Hal ini disampaikan Wakil Ketua MPR RI dari Partai Demokrat Edhie Baskoro Yudhoyono (Ibas) dalam audiensi dengan penulis perempuan muda Indonesia dengan topik “Ibu Punya Mimpi, Perempuan Berkisah: Penulis Indonesia Mendunia Tak Terbatas” di Gedung MPR RI, pada Rabu 12 Maret 2025.
"Apalagi di era digital saat ini. Pertama, rendahnya tingkat literasi Indonesia. Menurut peringkat UNESCO tahun 2021, Indonesia berada di peringkat 100 dari 208 negara,” kata Ibas dikutip Kamis 13 Maret 2025.
Ibas turut menyoroti isu plagiarisme, royalti, hingga hibah literasi dan ketersedian ragam buku bacaan.
“Ini menunjukan kurangnya minat baca yang berdampak pada lemahnya apresiasi karya tulis. Tidak hanya berbicara yang ada di Jakarta dan di kota-kota besar, tetapi di seluruh pelosok Tanah Air,” kata Ibas.
Tak hanya itu, menurut Ibas, teknologi yang dapat mempermudah akses namun juga bisa menjadi distraksi digital media sosisal, terkadang menjadi penghambat fokus menulis dan membaca.
Belum lagi kendala lainnya, yaitu plagiarisme yang merugikan.
“Plagiarisme, pembajakan buku masih cukup marak. Merugikan penulis yang bergantung pada royalti. Hak cipta kerap diabaikan dan mengancam kesejahteraan para penulis," kata Ibas.

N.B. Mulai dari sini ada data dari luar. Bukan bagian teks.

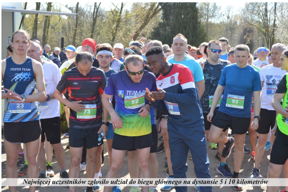
Najwięcej uczestników zgłosiło udział do biegu głównego na dystansie 5 i 10 kilometrów

Bieg św. Urszuli to nie tylko konkurencje biegowe. Na miejscu startu i mety zawsze przygotowywane są też inne atrakcje, głównie dla dzieci. Najmłodszy mogli spróbować sił między innymi w strzelaniu z łuku, na równoważni czy pojeździć nietypowym rowerem. Główną atrakcją

Akibatnya, lanjut Ibas, penulis pemula akan kesulitan mengembangkan keahliannya dalam menulis.
“Jadi tidak hanya di dunia musik, tapi di dunia cipta karya buku ini juga masih perlu kita dengar, kita carikan solusi terbaiknya, dan kita pikirkan bagaimana yang menguntungkan untuk semua pihak,” kata Ibas.
Ibas kemudian memaparkan UU 28 Tahun 2014 yang memberikan kepastian hukum. Termasuk insetif pajak final 0,5 persen untuk penghasilan di bawah Rp500 juta per tahun.
“Kalau pajaknya terlalu tinggi, terlalu mahal, membuat motivasi dari para penulis itu terdegradasi (menurun),” kata Ibas.